Angelo yawned again. He said, “Too many. That’s what makes her stupid.” He jumped down from the railing, and Mark’s dark eyebrows drew together. But Angelo was smiling at him with all his dazzling charm, and even Mark was not immune to it.

“You forget you’re still a child,” he said hopefully. “You haven’t had much experience. When you grow older you’ll understand that Allie is one of the most honest people in the world, the most intelligent, the most just and kind.”

Angelo continued to smile, but now there was an odd gleam in his eyes. But he said in his spuriously sober tone, “Yes, Daddy.” He looked over the lawns, “I guess Petti won’t ever be back. He must have gone down to the main road and been picked up by someone.”

“I’m afraid that’s what happened,” said Mark. “Would you like another dog, Bruce?”

“I think I’d like a cat this time,” said Angelo. “Mum would, too. They’re cleaner than dogs.”

Mark rocked in his chair. “I wish you’d make friends with Sally and Bobbie,” he said. Angelo swung to him abruptly, and his motions were feline. He said, “I tried. But they made me go away. I really tried, Daddy. I went over there last summer, and they acted very funny, when I was just watching them play.”

Mark did not know why he felt fresh relief. Of course, Bruce was too intelligent to play easily with other children. He said, “Play may seem foolish to you, son, but try to learn to do it. You’ll have lots of time to be a man.”

Alice came out of the cabin. She had changed her clothing. She wore a simple white shirt with short sleeves, open to show her smooth white throat, and gray linen Bermuda shorts which revealed her long, slender legs, beautifully formed and graceful. She smiled uncertainly at Angelo and said, “Hello, darling.”

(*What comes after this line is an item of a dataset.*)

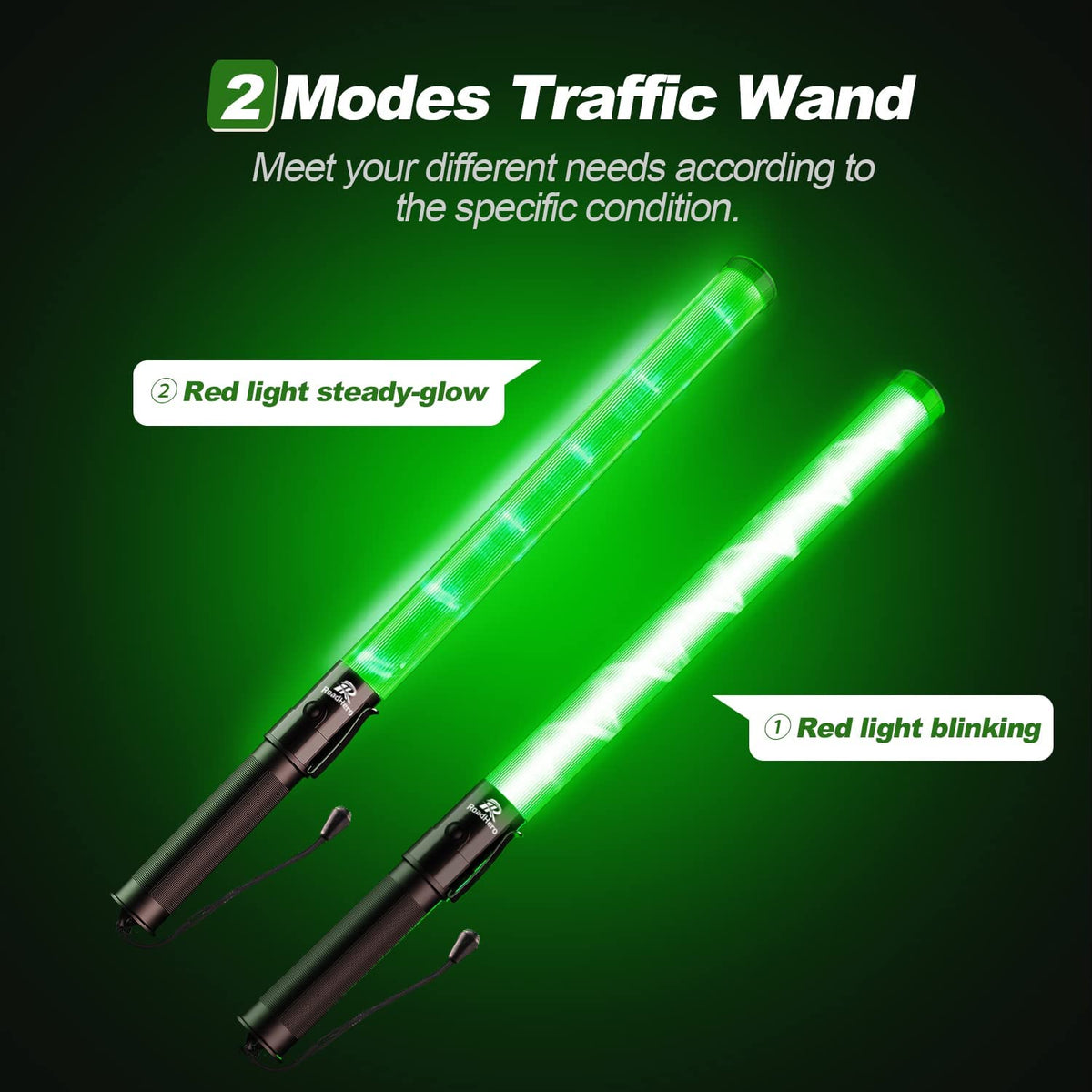 Roadhero 2 Pack 21Inch Traffic Wands, Green Led Traffic Control Baton, Night Safety Light Wand With 2 Flashing Modes, Air Marshaling Signal Wand With Side Clip For Airport, Parking, Car Directing

“Hello, Aunt Alicia,” he said with precise courtesy, and suffered her timid kiss on his cheek. “I hope you’ll come often.”

He ran down the porch steps then and disappeared around the corner of the cabin. Alice took his place on the railing, and twisted her slender body to look over the gardens.

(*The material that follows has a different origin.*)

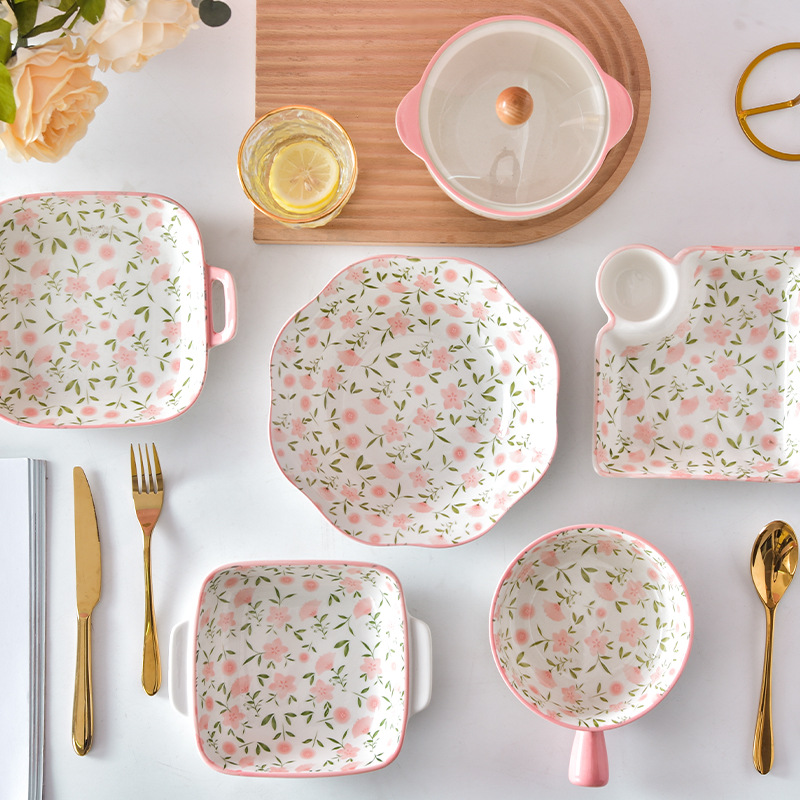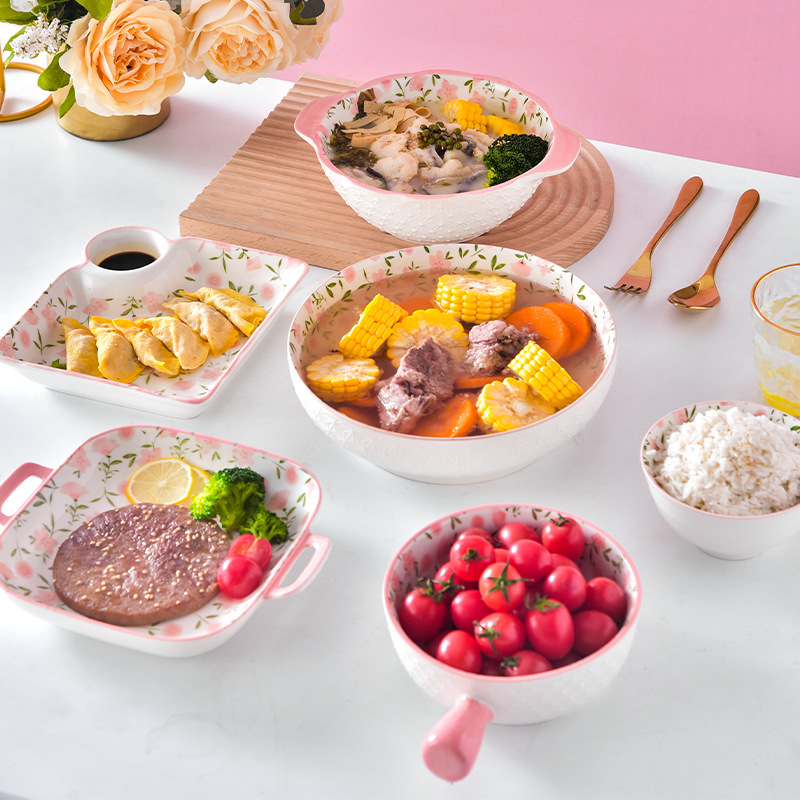 xiaohongshu creative ceramic bowl ins style cute dinnerware suit home instant noodle bowl soup bowl plate bowl dish wholesale

“Kathy was telling me how the little dog got lost,” she said, in her low voice. “I’m sorry. Does Bruce miss him?”

“Yes. He was very upset for a couple of days. But he’s only a child. He’s forgetting now.”

A silence stepped between them and held them motionless. Mark gazed at Alice’s cool and beautifully cut profile. Her lips drooped as if with sadness; her eyes were tired. One hand rested on her sleek thigh; it had a gentle but abandoned look, a lonely curve.